Beberapa tahun yang lalu saat saya masih bekeja di bank syariah, tiap hari senin diadakan kajian tafsir Al Quran pada jam istirahat di mushola Bank Syariah milik pemerintah yang mewah di Kota Bandung. Hari senin dipilih dengan harapan para karyawan yang shaum sunnah hari senin menghabiskan waktu istirahatnya di mushola dan mengikuti kajian tafsir Al Quran yang di asuh oleh DR Abdurahman, seorang ulama senior kharismatik di Bandung, semoga Allah senantiasa merahmati beliau.
Dalam satu kesempatan kajian, di mushola tampak sepi, hanya ada DR Abdurahman dan saya, sedangkan teman-teman lain lebih memilih menghasikan waktu istirahat di kantin, rumah makan atau di depan layar monitor browsing internet, wallahualam.
Dalam kesempatan yang sepi tersebut, DR Abdurahman mengajukan pertanyaan yang sangat menarik kepada saya.
DR Abdurahman:
“Pak Budi, apa yang ada di benak bapak sebagai seorang bankir dengan firman Allah “Aqimisholah?” (Dirikanlah Shalat)
Saya:
“Perintah mengerjakan shalat sebagai kewajiban seorang sebagai rukun Islam yang ke dua”
“Dirikan shalat bukan kerjakan shalat sebagai sarana mendekatkan diri khusuk kepada sang pencipta”
“Melaksanakan kewajiban shalat untuk menghidari perbuatan keji dan mungkar”
“Melaksanakan kewajiban shalat sebagai bentuk rasa syukur kepada Allah maha pemberi rizki”
“Amalan utama dan pertama yang akan di hisab oleh Allah saat di yaumil hisab kelak”
Apa lagi yah? Fikiran saya mencoba menerawang mencari jawaban lebih intelek sebagai seorang ekonom dan bankir, melihat DR Abdurahman terus berkata“Ada jawaban lain lagi?” beliau terlihat kurang puas dengan jawaban saya, walau hanya senyam-senyum saja reaksinya.
“Mohon petunjuk dari ustaz” jawaban tanda menyerah saya.
DR Abdurahman:
Pak Budi tidak salah, tapi kami dan para ulama yang salah mengajarkan tafsir Al Quran, sehingga contoh jawaban tafsir tentang perintah Aqimisholah tadi menggambarkan pemahaman muslim secara kesuluruhan yang menjadikan ummat Islam jauh tertingal dari ummat lain di bidang ekonomi walau mereka tidak mengIMANi Al Quran, tapi mereka menafsirkan jauh lebih luas dari pada kaum muslim pada umumnya”
Tambah bingung saya, maksudnya ustaz?
DR Abdurahman:
“Kita muslim menafsirkan perintah dirikanlah Shalat sebatas rukun Islam, kewajiban ibadah, tanda bersyukur, sarana mendekatkan diri atau doa dengan Allah dan pemahaman standard lainnya.”
“Beda dengan non muslim yang menafsirkan Aqimisholah dengan membangun industry kain, pakaian muslim, sarung, sajadah, mukena bahkan lebih jauh industry keramik, sanitary alat wudlu yang banyak digunakan untuk membangun mesjid dan mushola dan bisnis lainya terkait kebutuhan shalat.

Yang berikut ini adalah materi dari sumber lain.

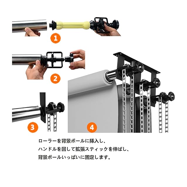 万能キット:ローラー6個、ブラケット2個、ライトスタンドアダプター2個、チェーン3個、カウンターウェイト3個、背景幕を上げ下げするための118インチ/3mのステンレススチールチューブクロスバーアセンブリ、背景紙、写真用クロス、PVCクロスが含まれています。 小さなスタジオやホームスタジオの背景マウントに最適です。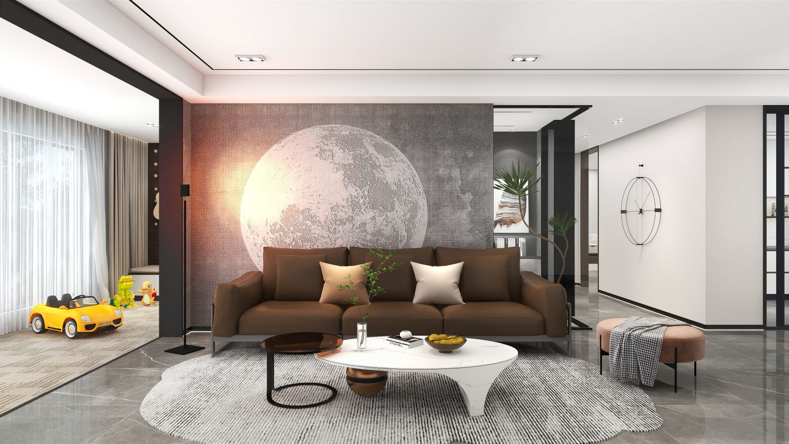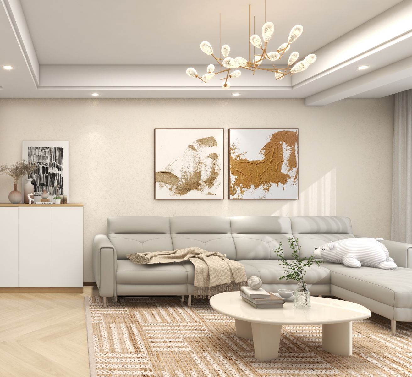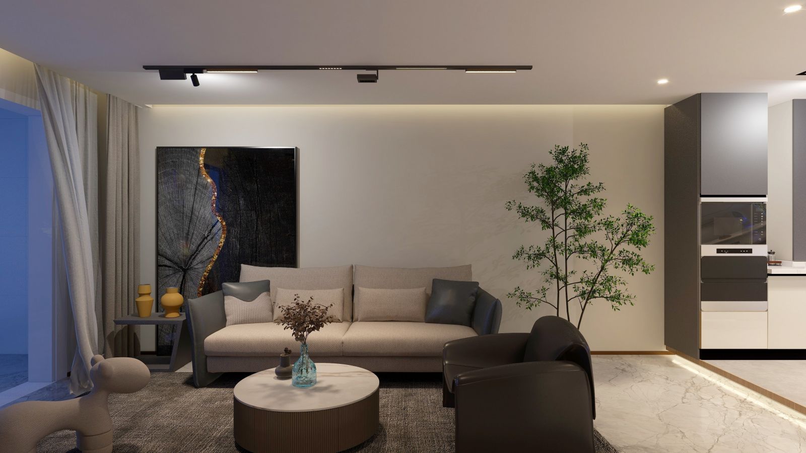 Nội thất phòng khách Quanu tối giản, hiện đại mà sang trọng, trang nhã. Kết hợp những đồ dùng nội thất như sofa, bàn trà, kệ tivi, tủ giày, đèn trần, lọ hoa, tranh treo tường,... phù hợp khiến không gian phòng khách đẹp mà tinh tế.

Coba lihat pasar di Mekkah dan Madinah tempat lahir agama Islam, barang-barang kebutuhan shalat didominasi produk buatan non muslim, wajar pada umumnya ummat muslim tertinggal jauh kesejahteraan ekonomi di dunia modern saat ini”
Terhenyak saya mendengar penjelasan tafsir yang seumur hidup baru saya dengar dari seorang ustaz sepuh yang internet saja mungkin tidak familier, beda dengan kita yang sangat modern dan internet minded, tapi soal penafsiran modern Al Quran jauh tertinggal dari orang tua yang bijaksana tersebut.
Saya menerawang jauh “Kalau saja muslim berfikir konfrehensif selain sebatas ibadah mahdoh, juga ekonomi dan bisnis seperti perintah shalat tersebut karena banyak sekali ayat-ayat Allah lain yang bahkan berhubungan langsung dengan urusan ekonomi dan bisnis, niscaya muslim akan menguasai dunia, karena muslim dilahirkan sebagai khoiru ummah yaitu ummat terbaik yang dilahirkan untuk menjadi Khalifah fil ard/pengelola alam semesta.
Muslim niscaya tidak akan tertinggal jauh seperti sekarang ini, kita muslim masih terkungkung dengan tradisi dan budaya lama yang tidak menggambarkan semangat Al Quran yang universal dan tak lekang dengan modernisasi zaman”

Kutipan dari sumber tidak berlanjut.